For the same seven reservoirs, we then illustrate the dynamic components of the MSEA-Res database – time series of reservoir storage at different processing levels, i.e., Level 0 (raw outputs), Level 1 (removal of outliers from Level 0), and Level 2 (smooth interpolation of Level 1) (Fig. 5). The storage time series data can be used to infer meaningful information on the storage dynamics, including filling patterns, fluctuations, and responses to wet and dry years. Looking at the filling patterns, for instance, Xe Kaman1 (2016) took almost 4 years to store more than 3 km³ of water and reach its normal operating conditions (Fig. 5g). The Longjing (2010) reservoir was filled in roughly 1 year (Fig. 5a). By combining this information with inflow data, one could easily estimate the impact of reservoir-filling strategies on downstream water availability – a rather contentious matter in transboundary river basins (Vu et al., 2022; Wheeler et al., 2016; Zaniolo et al., 2021). The time series also reveal the “typical” behavior of reservoir storage in Southeast Asia, with seasonal fluctuations between minimum and maximum operating levels driven by the drastic changes in the intra-annual water availability characterizing this region (i.e., a wet season between June and November, followed by a drier period between December and May) (Nguyen et al., 2020). Importantly, the time series also reveal interannual changes in water storage, which are largely caused by hydrological regime variability – a point discussed further in Sect. 4.5.

Figure 4 Illustration of the static components of the MSEA-Res database (A–E–S relationship) for seven reservoirs, one in each of the major river basins. In each panel, E–A and E–S curves are shown in green and blue, respectively. The dates refer to the years of commission of the reservoirs.

Figure 5 Illustration of the reservoir storage time series, i.e., the dynamic components of the MSEA-Res database, for the seven selected reservoirs. Each panel (a–g) corresponds to a reservoir. For each panel, we report the scene-based reservoir storage (km³) time series at Level 0 and the storage time series at Level 1 (after removing the outliers) overlapped with Level 2 (after interpolation and smoothing).

4.3 Basin-wise reservoir storage analysis

We used all of the Level-1 data to analyze the basin-wise evolution and dynamics of reservoir storage in Mainland Southeast Asia. Specifically, we calculated the total volume of water (km³) stored in all reservoirs for each of the seven main river basins, i.e., the Irrawaddy, Upper Mekong, Red, Salween, Chao Phraya, Lower Mekong, and “other basins” lumped together (Fig. 6). We found that the aggregated storage of all reservoirs in the Upper Mekong basin increased by more than 8 times (a 800 % increase) in just 5 years (between 2010 and 2015) (Fig. 6b). Nuozhadu (22 km³) and Xiaowan (15 km³) are the main contributors to such an increase, as they account for approximately 95 % of the basins' total storage, whereas the remaining 18 reservoirs contribute just 5 % (Fig. 6b). Since the construction of Nuozhadu and Xiaowan, more reservoirs have been built in the Upper Mekong; however, their capacity is smaller than those of these two mega-reservoirs (e.g., Miaowei, 0.66 km³). A seasonal fluctuation of storage is common across all of the basins, as the monsoon season has a similar precipitation pattern across the MSEA region (Ha et al., 2023; Skliris et al., 2022).
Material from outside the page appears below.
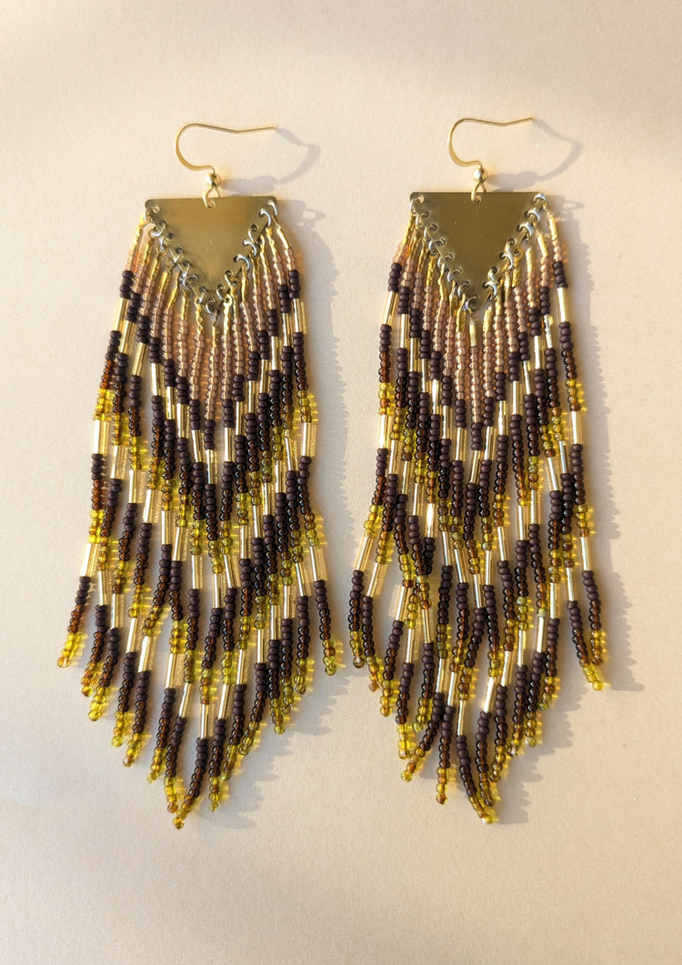 The long native earrings weave deep brown, amber, and warm gold in unique beadwork that feels rooted in earth and movement. Brass jewelry accents rise above the beaded fringe with steady warmth, giving the piece the presence of someone who stepped into danger for her people without hesitation.

Results further illustrate the spatiotemporal variability in reservoir construction across Mainland Southeast Asia. After 2017, all of the basins – except for the Lower Mekong – reached a plateau, with no significantly increasing trends in their aggregated reservoir storage (Fig. 6). For instance, 1998–2015 was the period in which a series of reservoirs was constructed in the Irrawaddy basin, increasing the aggregated storage volume from ∼ 2 to 10 km³ (a 500 % increase). Similarly, it was in 2005–2015 and 2010–2017, respectively, that the largest reservoirs were built on the Red River (a 300 % increase) and in the other coastal basins (a 35 % increase) (Fig. 6c, f). The aggregated reservoir storage in the Lower Mekong basin has increased since 2009 (Fig. 6g). Two river basins – the Salween and Chao Phraya – show no significant changes in the aggregated reservoir storage in the last 4 decades (Fig. 6d, e). In fact, the storage volume in Chao Phraya has been found to be substantially reduced by ∼ 15 % after 2010 (Fig. 6e), due to persisting drought conditions under which both the Bhumibol and Sirikit reservoirs showed a continuous decline in storage (Figs. S6b, 5e). Putting all 186 reservoirs together, we find that the aggregated average reservoir storage in Mainland Southeast Asia increased significantly, from 70 to 160 km³ (a 130 % increase), during the period 2008–2017. Presently, it is approximately 175 km³ (Fig. 6h). Additional details regarding the temporal evolution of reservoir storage in MSEA are reported in Fig. S5.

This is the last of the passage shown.